The behavior of the variance of $mY$ with $m$ is surprisingly complex. Let's end with a quick simulation (in R) showing what it can do. The plots show the difference between the variance of $m\lfloor X/m \rfloor$ and the variance of $X$ for Poisson distributed $X$ with various values of $\lambda$ ranging from $1$ through $5000$. In all cases the plots appear to have reached their asymptotic values at the right.

set.seed(17)
par(mfrow=c(3,4))
temp <- sapply(c(1,2,5,10,20,50,100,200,500,1000,2000,5000), function(lambda) {
  x <- rpois(20000, lambda)
  v <- sapply(1:floor(lambda + 4*sqrt(lambda)), 
              function(m) var(floor(x/m)*m) - var(x))
  plot(v, type="l", xlab="", ylab="Increased variance", 
       main=toString(lambda), cex.main=.85, col="Blue", lwd=2)
})

As Michael Chernick says, if the individual random variables are independent then the the sum is Poisson with parameter (mean and variance) $\sum_{i=1}^{n} \lambda_i$ which you might call $\lambda$.

Dividing by $n$ reduces the mean to $\lambda / n$ and variance $\lambda / n^2$ so the variance will be less than the equivalent Poisson distribution. As Michael says, not all values will be integers.

Using the floor function reduces the mean slightly, by about $\frac12 -\frac{1}{2n}$, and affects the variance slightly too though in a more complicated manner. Although you have integer values, the variance will still be substantially less than the mean and so you will have a narrower distribution than the Poisson.

The probability mass function of the average of $n$ independent Poisson random variables can be written down explicitly, though the answer might not help you very much. As Michael Chernick noted in comments on his own answer, the sum $\sum_i X_i$ of independent Poisson random variables $X_i$ with respective parameters $\lambda_i$ is a Poisson random variable with parameter $\lambda = \sum_i \lambda_i$. Hence,

$$P\left\{ \sum_{i=1}^n X_i= k\right\} = \exp(-\lambda)\frac{\lambda^k}{k!}, ~~ k = 0, 1, 2, \ldots,$$ Thus, $\hat{Y} = n^{-1} \sum_{i=1}^n X_i$ is a random variable taking on value $k/n$ with probability $\exp(-\lambda)\frac{\lambda^k}{k!}$. Note that $\hat{Y}$ is not an integer-valued random variable (though it does take on uniformly-spaced rational values). It follows easily that $Y = \lfloor \hat{Y} \rfloor$ is an integer-valued random variable taking on value $m$ with probability $$P\{Y = m\} = P\left\{\left\lfloor \frac{1}{n}\sum_{i=1}^n X_i \right\rfloor = m\right\} = \exp(-\lambda)\sum_{i=0}^{n-1}\frac{\lambda^{mn+i}}{(mn+i)!}, ~~ m = 0, 1, 2, \ldots,$$ This is not the probability mass function of a Poisson random variable. Formulas for the mean and variance can be written down using this probability mass function, but they don't obviously lead to nice simple answers in terms of $\lambda$ and $n$. Approximate values can be obtained as pointed out by Henry.

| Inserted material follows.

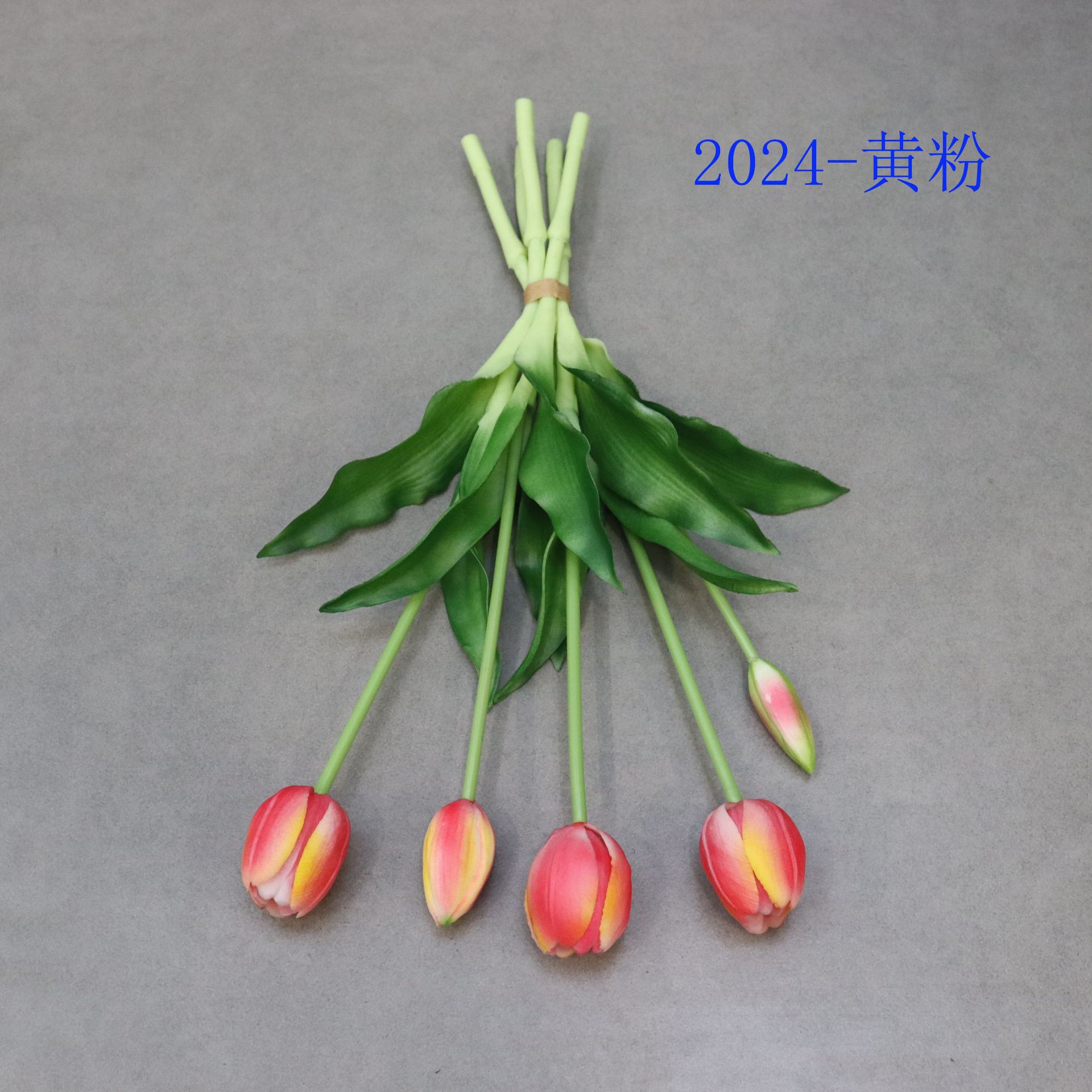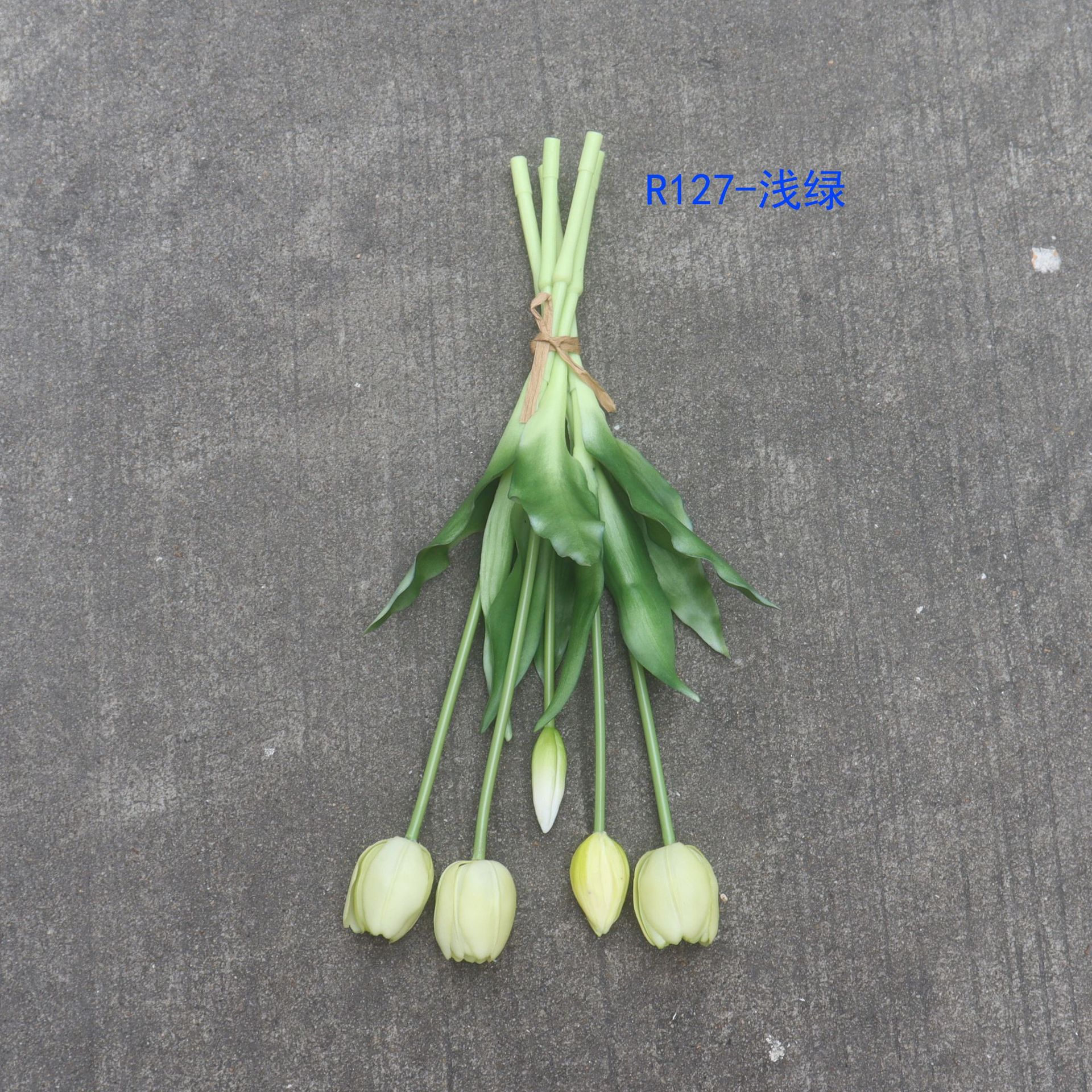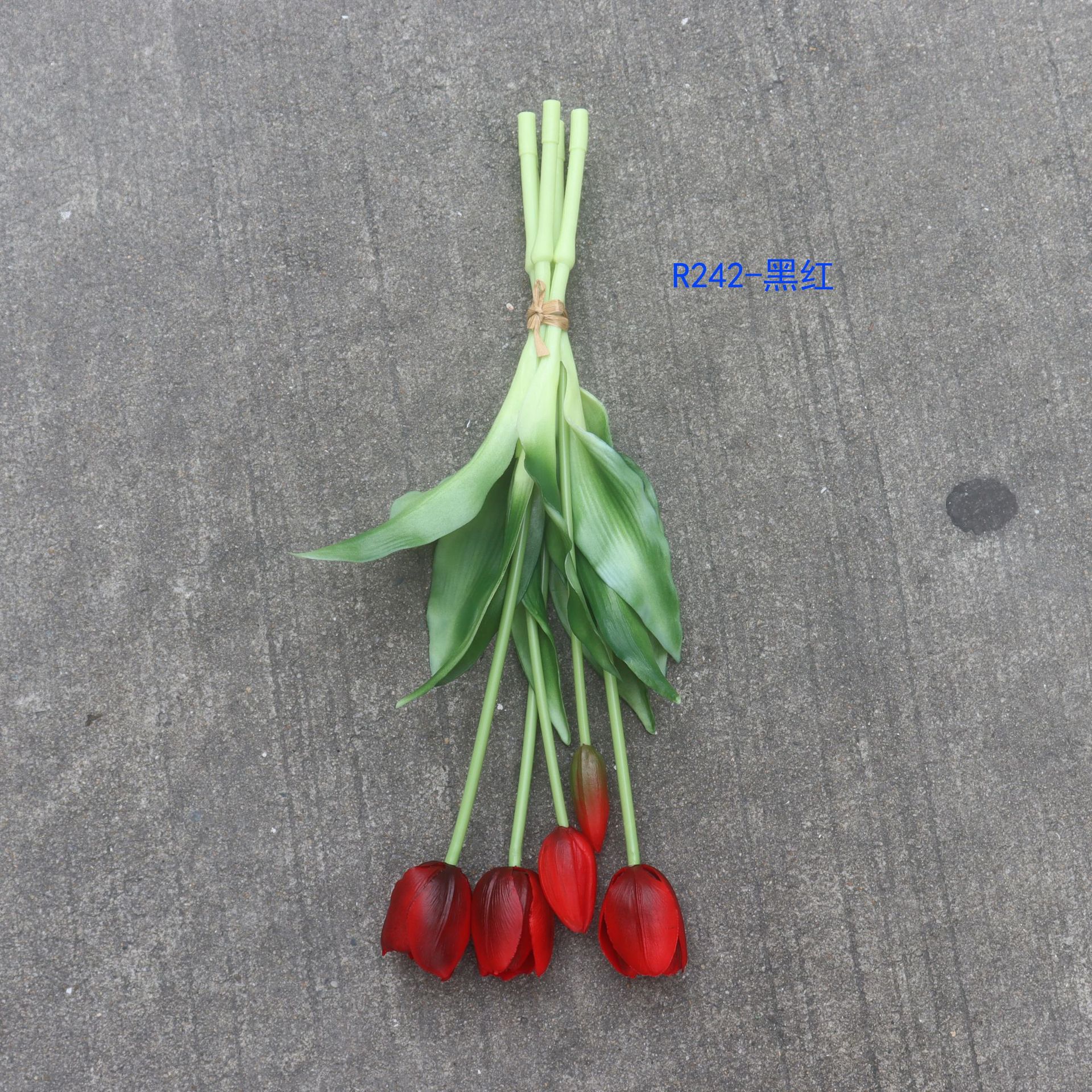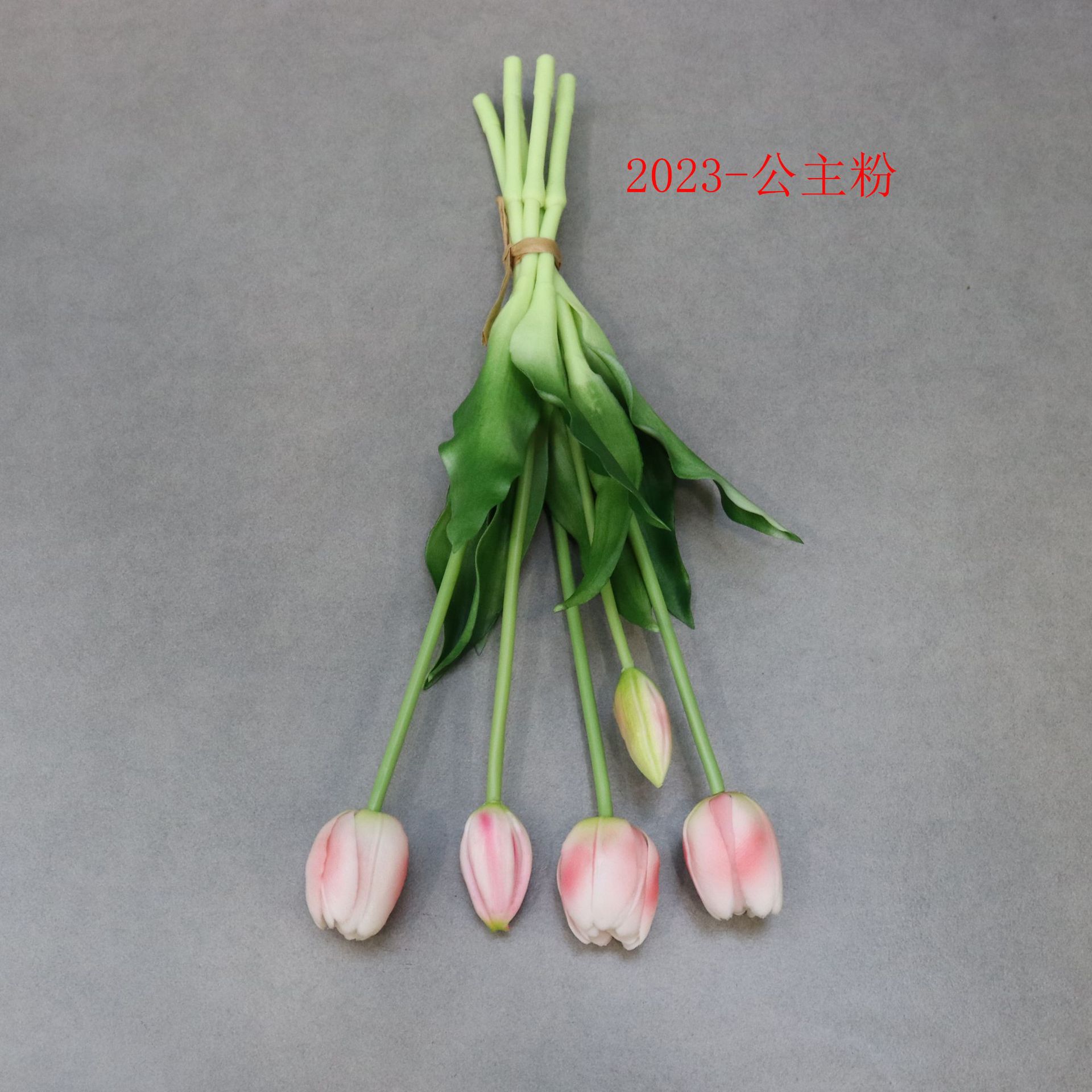 仿真软胶郁金香花束PE乳胶硅胶郁金香花仿真花保湿手感5头郁金香

Y will not be Poisson. Note that Poisson random variables take on non negative integer values. Once you divide by a constant you create a random variable that can have non-integer values. It will still have the shape of the Poisson. It is just that the discrete probabilities may occur at non-integer points.